A lot of these things are judgment calls, says Schantz. You have to add just enough ammonium sulfate so that the toxin doesn’t precipitate out. Sometimes you’ll see just a little opalescence, then you have to refrigerate it for a few days and wait for the crystals to form. But you have to know when to add the ammonium sulfate and how much opalescence there should be. Otherwise you won’t get the pure crystals.
Schantz and Johnson don’t use modern techniques like columns or automated chemical reactors, which could conceivably make the process easier. In a column, chemicals are brought together and separated out by resins that bind to the molecules and then--theoretically--release them.
With a column you run the risk of getting traces of the resins in your toxin, Johnson says, and you also lose the stabilizing proteins that keep the toxin from losing its potency. The precipitation method avoids those problems. It’s a procedure virtually no one in the world uses anymore except us; it’s considered old-fashioned and not in vogue.
The British are using enzymes and columns to make a botulinum toxin product, but we don’t think the quality is as good; there have been some side effects. Of course, we’re being subjective too. A protein chemist might say modern techniques would work just as well; but all we know is that what we’ve made works the best so far.

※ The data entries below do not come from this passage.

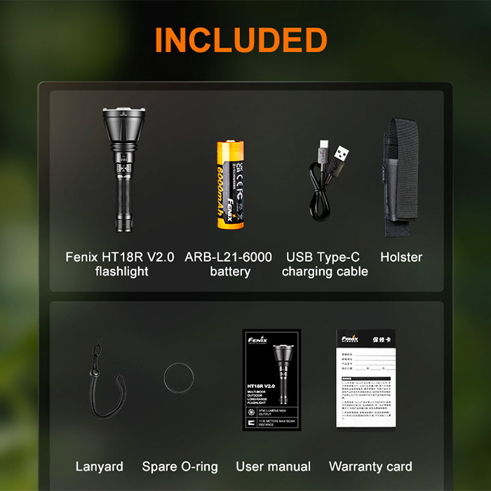 - What’s Included: Fenix HT18R V2.0 flashlight, battery, nylon belt holster, USB-C to USB-A cable, wrist lanyard, spare O-ring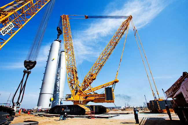 公司擁有大型吊裝設(shè)備履帶式起重機六十余臺,吊裝能力50T-1000T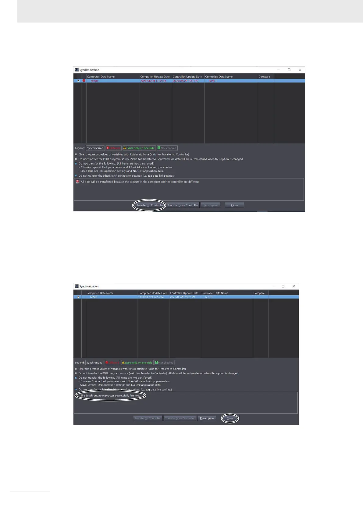 3 Confirm that "The Synchronization process successfully finished." is diaplayed, and then click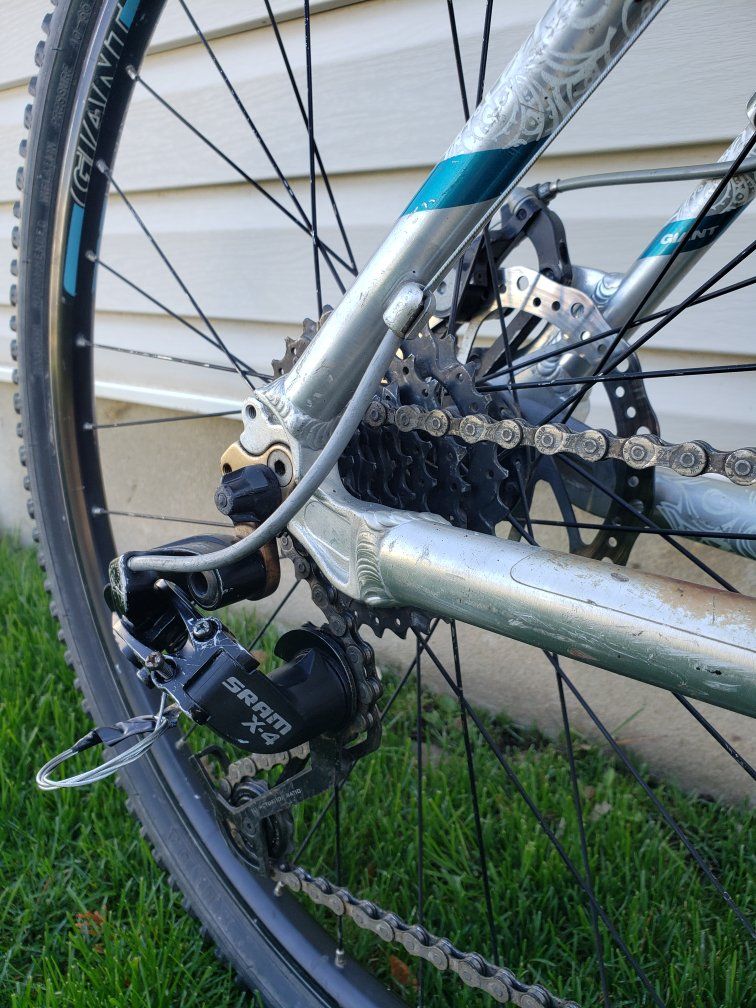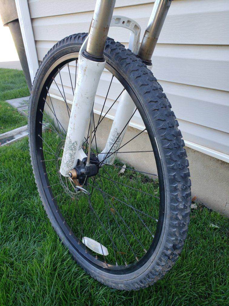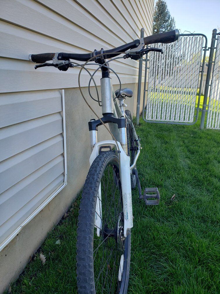 18" Medium aluminum frame. Good tires. Sram rear derailleur. Everything works.

The techniques Schantz and Johnson use are so common they could be improvised in someone’s kitchen. You could make this toxin yourself, says Johnson. But maintaining the high toxicity in the culture and the properties of the toxin as you purify it are what you have to have a lot of years to know how to do.

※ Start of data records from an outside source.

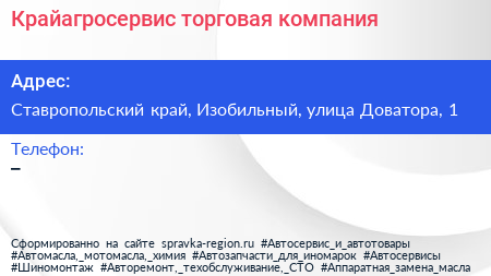 Крайагросервис, торговая компания по адресу Ставропольский край, Изобильный, улица Доватора, 1 в дальнейшем Организация, размещена в следующих категориях: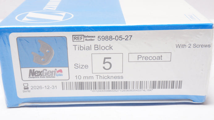 Zimmer 5988-05-27 NexGen Tibial Block w/2 Screws, Size 5 Precoat 10mm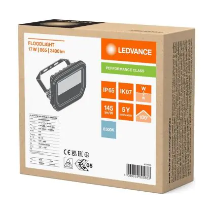 Ledvance Led-Scheinwerfer Aluminium Schwarz 17W 2400lm 100D - 865 | IP66 - Symmetrisch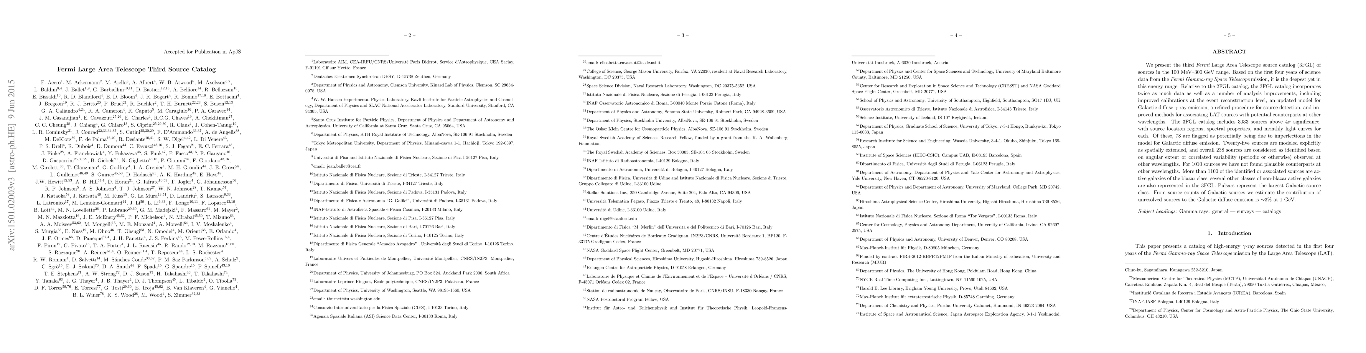 The 3FGL catalog from the Fermi Large Area Telescope, based on four years of data, is the deepest gamma-ray catalog in the 100 MeV-300 GeV range, featuring 3033 sources with improved calibrations and detection methods. It includes 232 identified sources, with blazars and pulsars being the most prominent classes.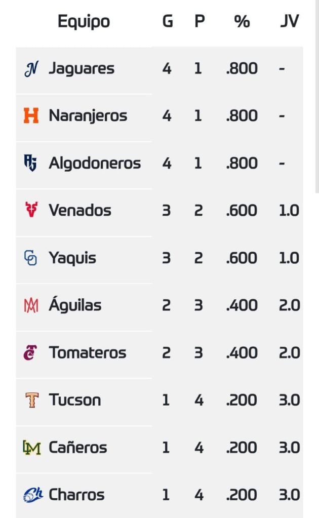 Posiciones en las 5 Ligas mas importantes de la pelota invernal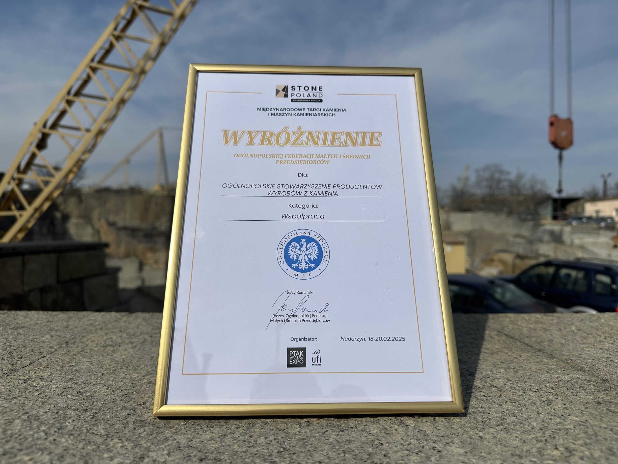 Vice Prezesi Alfred Marian Sroka oraz Jan Ziętek wzięli udział w ceremonii wręczenia Medali, którymi nagrodzono przedsiębiorstwa grające znaczną rolę w rozwoju branży kamieniarskiej.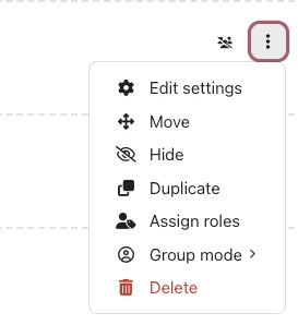 - This Assignment can be edited at any time after its creation. Turn on Edit Mode (mentioned above). Locate the Assignment you would like to edit and click the 3 dots to the right. Then select ‘Edit settings’ and this will bring you to your assignments settings form.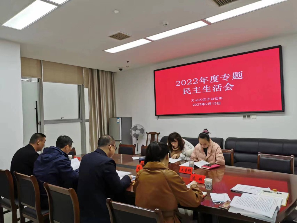 2月13日上午,天元区信访局党组召开2022年度专题民主生活会。区委指导组组长申莉萍到会指导,区信访局党组书记黄亮主持会议,派驻纪检组组长文音锦及全体班子成员参加会议。

The batch they produced in 1979 was acquired in 1990 by Allergan Pharmaceuticals after Allergan purchased Oculinum, a small company that had been formed by Scott. Allergan just walked into it, notes Johnson, in the sense that they purchased a drug without having to invest the years of development and high research costs that accompany most drug research.

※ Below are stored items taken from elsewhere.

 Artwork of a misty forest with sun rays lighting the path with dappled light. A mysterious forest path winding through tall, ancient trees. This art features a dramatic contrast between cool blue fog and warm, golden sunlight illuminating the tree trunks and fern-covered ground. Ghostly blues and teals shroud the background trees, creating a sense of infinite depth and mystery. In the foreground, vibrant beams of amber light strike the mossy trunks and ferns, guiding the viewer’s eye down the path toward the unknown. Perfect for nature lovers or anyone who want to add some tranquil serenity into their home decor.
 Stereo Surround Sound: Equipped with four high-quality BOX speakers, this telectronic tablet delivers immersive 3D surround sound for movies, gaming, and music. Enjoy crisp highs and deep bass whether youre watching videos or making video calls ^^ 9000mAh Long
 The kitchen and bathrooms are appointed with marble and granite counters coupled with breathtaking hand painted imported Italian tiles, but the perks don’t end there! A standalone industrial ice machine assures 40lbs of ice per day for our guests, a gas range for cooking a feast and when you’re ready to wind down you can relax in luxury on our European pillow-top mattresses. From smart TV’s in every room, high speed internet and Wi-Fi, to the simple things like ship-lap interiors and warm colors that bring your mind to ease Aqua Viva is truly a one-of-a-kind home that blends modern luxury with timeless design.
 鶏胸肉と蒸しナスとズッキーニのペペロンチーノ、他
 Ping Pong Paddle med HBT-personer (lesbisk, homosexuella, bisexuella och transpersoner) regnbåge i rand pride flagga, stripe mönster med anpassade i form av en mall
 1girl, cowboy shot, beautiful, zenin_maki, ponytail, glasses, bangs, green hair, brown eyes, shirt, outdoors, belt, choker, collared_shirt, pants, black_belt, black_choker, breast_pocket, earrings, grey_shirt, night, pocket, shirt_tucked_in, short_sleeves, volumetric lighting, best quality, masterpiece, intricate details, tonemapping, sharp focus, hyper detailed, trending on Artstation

Schantz and Johnson won’t have to worry about making more toxin for medical use soon. The 1979 batch is expected to last about five more years. But they continually produce toxin for research. Neurologists and other researchers need it for developing treatments for diseases other than dystonias; one possible use may be in the treatment of muscle spasms associated with both cerebral palsy and multiple sclerosis. (One ongoing clinical trial with 12 children stricken with cerebral palsy has shown promise, Johnson notes.) And last May, Mitchell Brin, a neurologist at Columbia, reported some preliminary success in treating patients suffering from severe stuttering; he injected the toxin into their vocal cords. If his method proves effective in further tests, it could provide relief for roughly 2.5 million Americans.
So there will continue to be one or two small flasks containing the brown, murky botulinum culture on Schantz and Johnson’s workbench, or perhaps the clear solution of a later phase of toxin production. And the Food Research Institute will still have to ask certain prospective employees whether they’d be willing to develop an immunity to botulism as part of their job. It’s not a particularly complicated process--three doses of the botulinum toxin are injected into the new lab worker over a period of three months--though it does tend to put many people off.
But look at the bright side, the researchers say. You’d be able to eat from bulged-out cans.